What Happens If You Don’t Get Your Chips Packet in Ten Minutes?

Alfid K Khader

Ten minutes. That’s how many minutes it takes for a packet of chips to reach your doorstep through a quick-commerce grocery app.  That’s how many minutes the company asks you to wait. That’s how many minutes you are ready to wait. It takes more than ten minutes for you to get a packet of chips from your hostel vending machine. But then, how is it possible for Blinkit, Zepto, or Swiggy Instamart to get your flavour of choice along with other items neatly packed and delivered right at your doorstep through the peak hours of Chennai traffic and heat in ten minutes? Have you ever wondered about how these companies make it possible? Do they secretly possess ultra-speed space ships to deliver it, or do they have ‘delivery captains’ with super powers? The answer is an obvious ‘no’.

These companies depend upon delivery agents without job security, fair pay, a safe work environment, and insurance coverage to fulfil these tasks. But what if it takes another five more minutes? What could possibly happen to you? Nothing.
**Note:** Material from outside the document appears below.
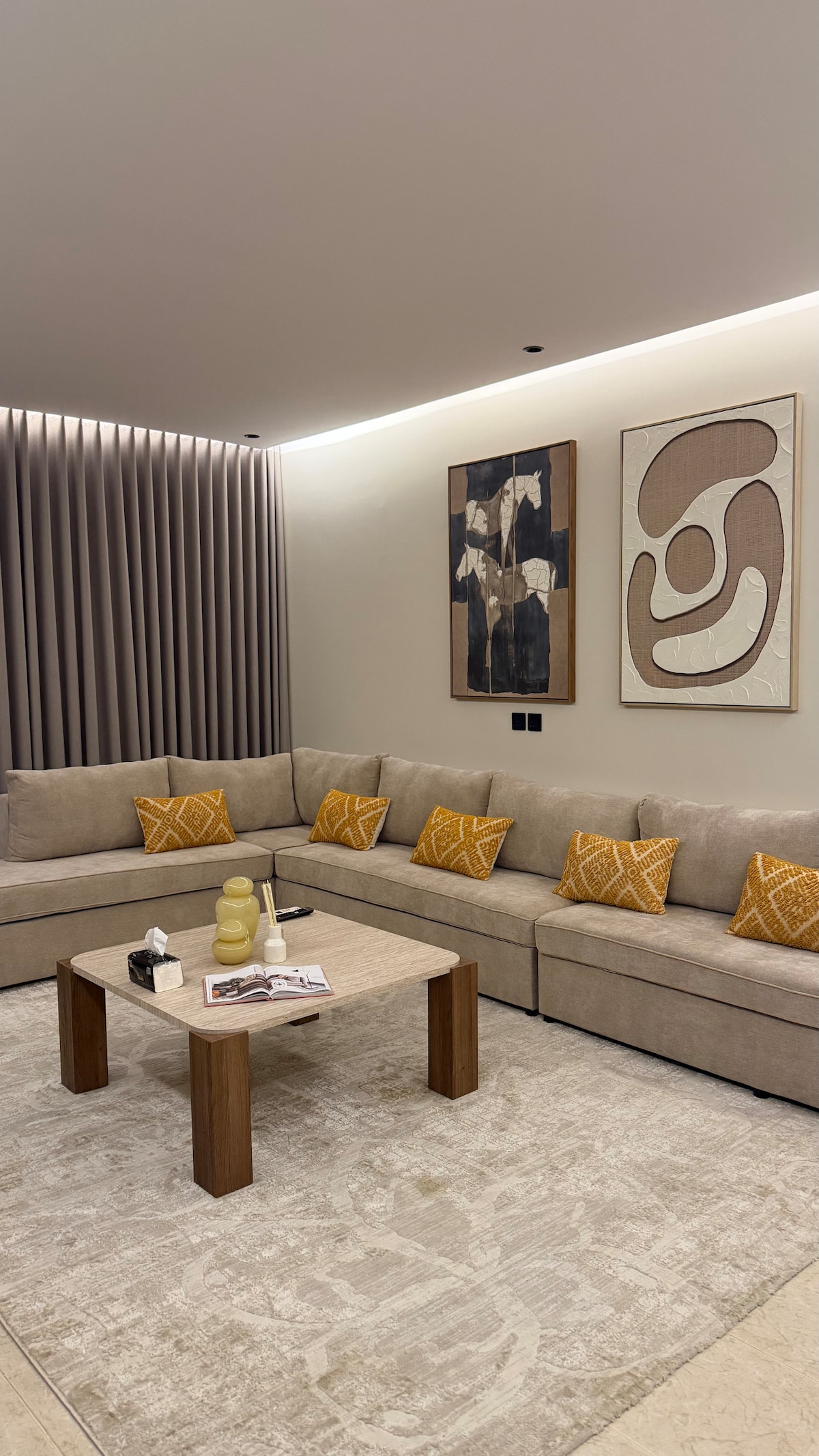 Tận hưởng một kỳ nghỉ đặc biệt tại căn hộ sang trọng này, kết hợp nét hiện đại và bản sắc văn hóa của vùng Qassim. Được thiết kế cẩn thận để mang đến cho bạn cảm giác ấm áp và thân thuộc, với các chi tiết trang trí lấy cảm hứng từ màu sắc thanh lịch và hình thức di sản, pha trộn với các điểm nhấn khách sạn thanh lịch. Căn hộ có 3 phòng ngủ phong cách và thoải mái, một nhà bếp được trang bị đầy đủ tất cả các dụng cụ và thiết bị cần thiết để chuẩn bị bữa ăn của bạn một cách thoải mái, cũng như một phòng khách cao cấp với tinh thần sang trọng và ba phòng tắm hiện đại với lớp hoàn thiện thanh lịch mang lại sự thoải mái và riêng tư tối đa

Absolutely nothing, except that I would have to watch the first ten minutes of that movie without a snack. But what could happen to the person on the other end? Your ‘delivery partner’ who rides through the unsafe city traffic at a dangerous speed with possible traffic violations, just to get you a movie snack? He gets fired!

A recent Reddit post from a former part-time worker at an established quick-commerce app shared his experience working in these dark stores, where they have to work in small, constricted rooms stacked with products, sometimes in cold freezers, where it is physically impossible to work. “We’re expected to run non- stop while picking orders. Like, actually run and not walk fast. You’re dodging other pickers, turning sharp corners, and racing against a timer”. This severely hostile working environment often leads to accidents on a daily basis, while everyone is running to keep up with their timers. They work with a timer called Per Picking Item (PPI), which tracks the time elapsed for each order, and if it has exceeded the limit, they are expected to log out and leave. Though the companies claim that they own numerous dark stores in one city alone, it is not possible for a worker to deliver an order in ten minutes without overspeeding and violating other traffic rules. Since most of their customers hail from top-tier cities, which have an inevitable level of traffic at any point in time. The companies are neither accountable nor do they provide compensation for violations and accidents that occur frequently on the roads.
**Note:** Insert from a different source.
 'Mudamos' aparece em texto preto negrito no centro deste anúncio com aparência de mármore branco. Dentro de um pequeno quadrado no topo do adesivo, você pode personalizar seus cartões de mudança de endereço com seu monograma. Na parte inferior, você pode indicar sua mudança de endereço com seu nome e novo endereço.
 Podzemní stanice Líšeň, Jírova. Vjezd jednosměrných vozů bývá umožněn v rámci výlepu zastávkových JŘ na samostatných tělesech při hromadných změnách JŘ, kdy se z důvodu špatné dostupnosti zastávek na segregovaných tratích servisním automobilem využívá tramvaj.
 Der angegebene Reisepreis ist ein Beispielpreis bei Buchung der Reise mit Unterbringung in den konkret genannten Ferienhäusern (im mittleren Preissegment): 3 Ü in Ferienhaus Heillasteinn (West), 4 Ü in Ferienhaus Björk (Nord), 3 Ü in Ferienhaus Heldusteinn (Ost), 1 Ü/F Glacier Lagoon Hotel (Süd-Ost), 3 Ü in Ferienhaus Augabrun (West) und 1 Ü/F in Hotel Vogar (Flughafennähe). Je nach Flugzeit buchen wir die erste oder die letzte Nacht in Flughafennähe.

The legal status of your delivery captains in their workspace is much scarier. The companies do not even acknowledge them as workers; they are classified as independent contractors or gig workers. In simple words, companies do not have to provide them job security, paid sick leaves, fixed monthly salaries, or medical insurance. Traditional labour laws like the Industrial Disputes Act (1947) and the Factories Act (1948) do not apply to gig workers as they are classified as independent contractors, excluding them from minimum wage protection, overtime compensation, and other statutory benefits for regular employees.

While Indians spend around 64,000 crores rupees on quick commerce apps in 2025, leading to a revenue of 10,500 crores rupees. This revenue is altogether shared by the big three (Zepto, Blinkit, Instamart), while the gig workers earn peanuts. Instead of owning up by providing fair wages for their work, the companies now try to transfer this burden onto the customers, asking them to pay a tip for their struggling delivery partner, whom they don’t pay enough!

Convenience is never an evil. But is it really worth getting a chip packet delivered in ten minutes by pushing a worker to their limits? This system of convenience is not an achievement to be proud of from any angle. Because it is not built on efficiency, but on exploitation in clear sight!